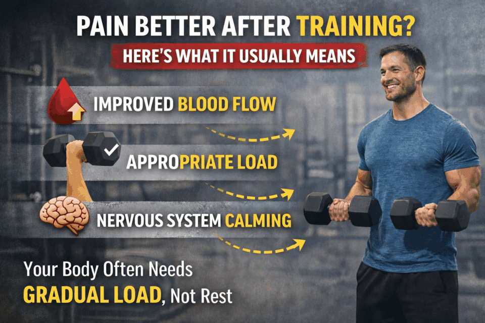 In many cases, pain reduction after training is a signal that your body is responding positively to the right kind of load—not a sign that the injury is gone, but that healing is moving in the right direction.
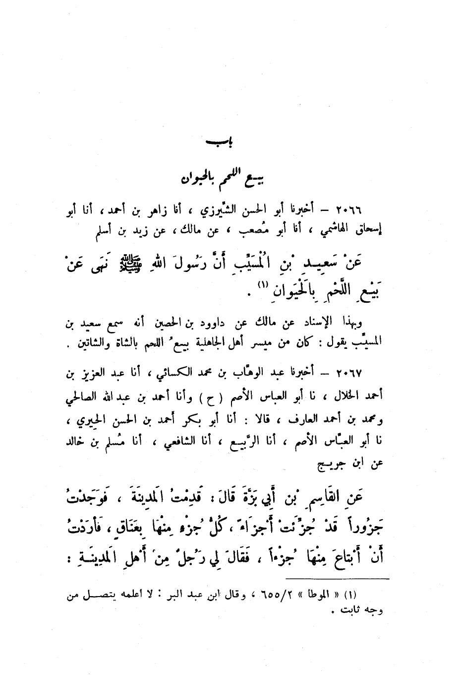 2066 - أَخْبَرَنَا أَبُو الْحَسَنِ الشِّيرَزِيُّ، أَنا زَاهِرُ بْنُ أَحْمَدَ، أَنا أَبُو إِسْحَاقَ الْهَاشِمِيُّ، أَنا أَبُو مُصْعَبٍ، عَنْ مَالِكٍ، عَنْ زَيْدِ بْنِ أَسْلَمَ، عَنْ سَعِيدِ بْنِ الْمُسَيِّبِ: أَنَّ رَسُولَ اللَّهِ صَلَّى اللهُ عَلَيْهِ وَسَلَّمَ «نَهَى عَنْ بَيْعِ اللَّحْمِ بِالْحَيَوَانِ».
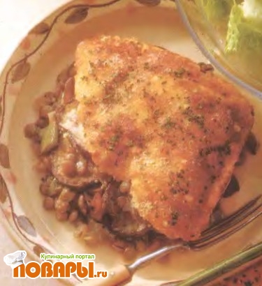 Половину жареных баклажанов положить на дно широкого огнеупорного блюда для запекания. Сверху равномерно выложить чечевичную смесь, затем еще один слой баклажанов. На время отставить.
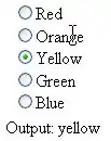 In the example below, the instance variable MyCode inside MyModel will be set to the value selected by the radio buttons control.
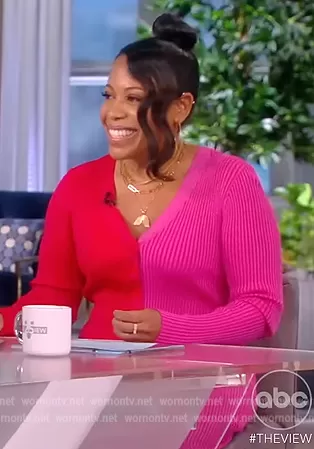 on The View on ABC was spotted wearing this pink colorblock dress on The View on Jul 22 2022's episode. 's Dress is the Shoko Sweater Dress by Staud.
...
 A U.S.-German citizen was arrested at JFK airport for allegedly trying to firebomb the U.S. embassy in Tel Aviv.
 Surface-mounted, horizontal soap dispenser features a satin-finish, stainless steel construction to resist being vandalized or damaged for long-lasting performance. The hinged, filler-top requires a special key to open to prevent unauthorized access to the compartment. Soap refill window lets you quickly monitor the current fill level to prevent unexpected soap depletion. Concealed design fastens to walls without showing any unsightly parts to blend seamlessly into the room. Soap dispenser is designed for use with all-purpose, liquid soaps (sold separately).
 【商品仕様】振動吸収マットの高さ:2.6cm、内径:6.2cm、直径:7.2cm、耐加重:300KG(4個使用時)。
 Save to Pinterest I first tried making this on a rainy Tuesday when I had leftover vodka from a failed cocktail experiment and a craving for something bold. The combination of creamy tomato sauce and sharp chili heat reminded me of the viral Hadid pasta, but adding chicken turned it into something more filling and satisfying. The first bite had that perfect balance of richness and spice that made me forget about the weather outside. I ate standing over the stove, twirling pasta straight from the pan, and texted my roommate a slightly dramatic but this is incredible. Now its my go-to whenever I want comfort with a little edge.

■ EXERCISE GOAL
Look above for the line with "A U.S.-German citizen" and the line with "Save to Pinterest"; transcribe both and all lines in between, exactly, and nothing else.

■ THE COMPLETED TASK
 A U.S.-German citizen was arrested at JFK airport for allegedly trying to firebomb the U.S. embassy in Tel Aviv.
 Surface-mounted, horizontal soap dispenser features a satin-finish, stainless steel construction to resist being vandalized or damaged for long-lasting performance. The hinged, filler-top requires a special key to open to prevent unauthorized access to the compartment. Soap refill window lets you quickly monitor the current fill level to prevent unexpected soap depletion. Concealed design fastens to walls without showing any unsightly parts to blend seamlessly into the room. Soap dispenser is designed for use with all-purpose, liquid soaps (sold separately).
 【商品仕様】振動吸収マットの高さ:2.6cm、内径:6.2cm、直径:7.2cm、耐加重:300KG(4個使用時)。
 Save to Pinterest I first tried making this on a rainy Tuesday when I had leftover vodka from a failed cocktail experiment and a craving for something bold. The combination of creamy tomato sauce and sharp chili heat reminded me of the viral Hadid pasta, but adding chicken turned it into something more filling and satisfying. The first bite had that perfect balance of richness and spice that made me forget about the weather outside. I ate standing over the stove, twirling pasta straight from the pan, and texted my roommate a slightly dramatic but this is incredible. Now its my go-to whenever I want comfort with a little edge.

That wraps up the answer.